The Weight of History. The expedition against the Dey of Algiers was decided under the regime of the last King of France, Charles X, the last brother of Louis XVI, known as the Count of Artois. The political context was peculiar, with France emerging defeated from the Napoleonic Wars, isolated on the European continent, and plagued by deep political divisions. Under the guise of putting an end to a base of the infamous Barbary pirates, the expedition was also launched to try to unite the French around a military venture that seemed easy, or at least feasible, to restore the already tarnished image of the crown. The conquest of what was much later called Algeria—a name given to the colony by the French—was no easy task. For 17 years, almost the entire reign of Louis-Philippe I, King of the French, from 1830 to 1847, France had to commit considerable military means to gradually reduce resistance, particularly in Kabylia. Algeria was to become one of the jewels of the future French colonial empire, where settlers from all over Europe—mainly French, Greeks, Spaniards, and Italians, who would be called “Pieds-Noirs”—were to settle. Algeria soon ceased to be a colony and was divided into French departments, which would have serious consequences in the future. The country received special attention from France, due to its proximity and strategic importance in Africa and the Mediterranean. It was in Algeria that the Foreign Legion established its historical base (Sidi Bel Abbès), but it was also here that penal colonies were set up, with deportations such as that of the Communards (1871-1880).
A Latent Conflict and France’s Missed Opportunities. From Algeria, the French were able to subdue neighboring countries: Tunisia, which Italy had eyes on, and also turbulent Morocco. From the 1920s and 1930s, the first independentist activists emerged, also influenced by the aspiration phenomena stemming from the events that founded the USSR. During World War II, the country was the scene of the Mers El Kébir tragedy—the destruction of a French squadron by the British fleet—and long remained a territory loyal to Marshal Pétain and Vichy France. The territory eventually fell into the hands of the Allies, returning to Free France, where General de Gaulle’s forces were strengthened by Vichy forces present and by volunteers and conscripts from Algeria and African colonies (1942-1943). The country made a significant contribution to the Army of Africa, which became Marshal Juin’s Army of Italy—no fewer than 160,000 men, who played a major role in the battles for the conquest of Italy, particularly in the Belvédère episode, enabling the breakthrough in the Battle of Monte Cassino (Algerian and Tunisian riflemen). Even before the end of the war, agitation was palpable in Algeria, with independence aspirations expressed in revolts, met with the first massacres. The first missed opportunity dated back much earlier: although the territory was composed of French departments, the “natives” did not have the rights of French citizens (except for “non-Saharan native Israelites,” the Crémieux Decree of 1870, extended to “Muslim natives,” but not automatic and only upon their request at age 21). The second missed opportunity was the failure to withdraw from Algeria by the end of the 1940s, due to the significant influence of Pied-Noir lobbying, a deeply entrenched colonial mindset in French public opinion, and powerful economic and strategic interests.

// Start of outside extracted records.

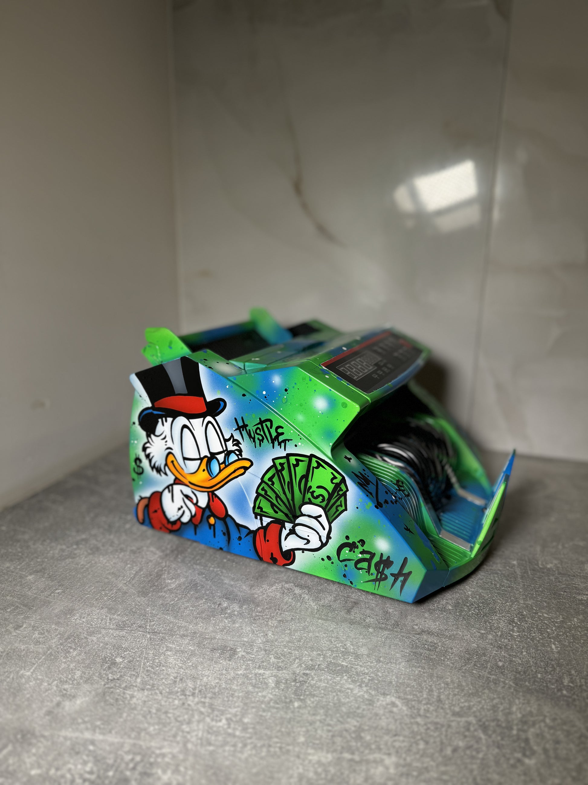 Every banknote counter is hand-painted using high-quality acrylic paints, followed by a protective glossy varnish that ensures durability and gives each product an elegant finish.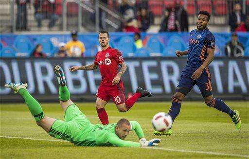 Toronto FC Sebastian Giovinco, center, shoots the ball as New York City FC goalkeeper Josh Saunders makes a save as Ethan White, right, follows the play during the first half of an MLS soccer game against New York City FC on Wednesday, May 18, 2016, in Toronto. (Mark Blinch/The Canadian Press via AP) The Associated Press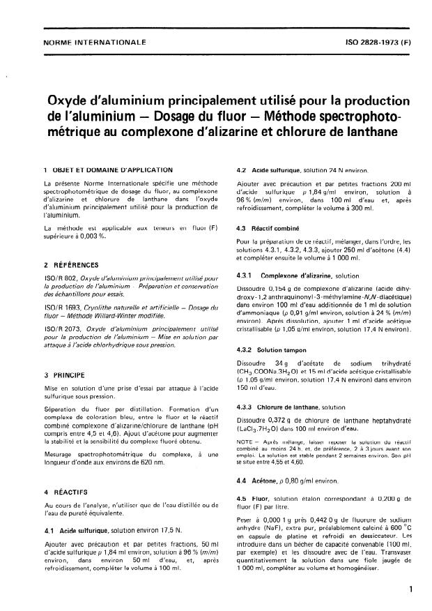 ISO 2828:1973 - Oxyde d'aluminium principalement utilisé pour la production de l'aluminium -- Dosage du fluor -- Méthode spectrophotométrique au complexone d'alizarine et chlorure de lanthane

France’s Colonial Defeats. France engaged in two colonial wars: Indochina (1946-1955) and Algeria (1954-1962), which were experienced as tragedies and deep traumas, particularly in the French Army. Defeated in Tonkin but victorious in Cochinchina, France nevertheless lost the Indochina War, unable to retain its richest colony any longer, far from the metropole, made impossible by the emergence of communist China (1949) and a total lack of French interest in this distant war. Defeated in Indochina, the military did not intend to suffer the same outcome in Algeria. Yet that is what happened, after an almost civil war, punctuated by massacres on both sides, terrible terrorist attacks, assassinations ordered by both belligerents, the infamous “wood-gathering duties,” torture, and war crimes, including by FLN forces. Victorious on the military front, the French were defeated on the political, domestic, and international fronts, with the Soviets and Americans lying in ambush, wanting the French to leave. The war was unpopular in mainland France, with the call-up of conscripts and a deep gap between the French, fully entering the “Trente Glorieuses” and consumer civilization, and the French of Algeria and disillusioned soldiers. After terrible events, the failure of the generals’ revolt (April 21-26, 1961), General de Gaulle’s France finally accepted its departure through highly criticized agreements (in France): the Évian Accords (March 18, 1962). Officially, the Algerian War was over, but with the birth of the OAS, the assassination attempt on the General (September 8, 1961), the “porteurs de valise,” the Harkis, or the Charonne massacre (February 8, 1962), the “Algerian” dispute was to become a slow and recurring poison in French society… for a long time.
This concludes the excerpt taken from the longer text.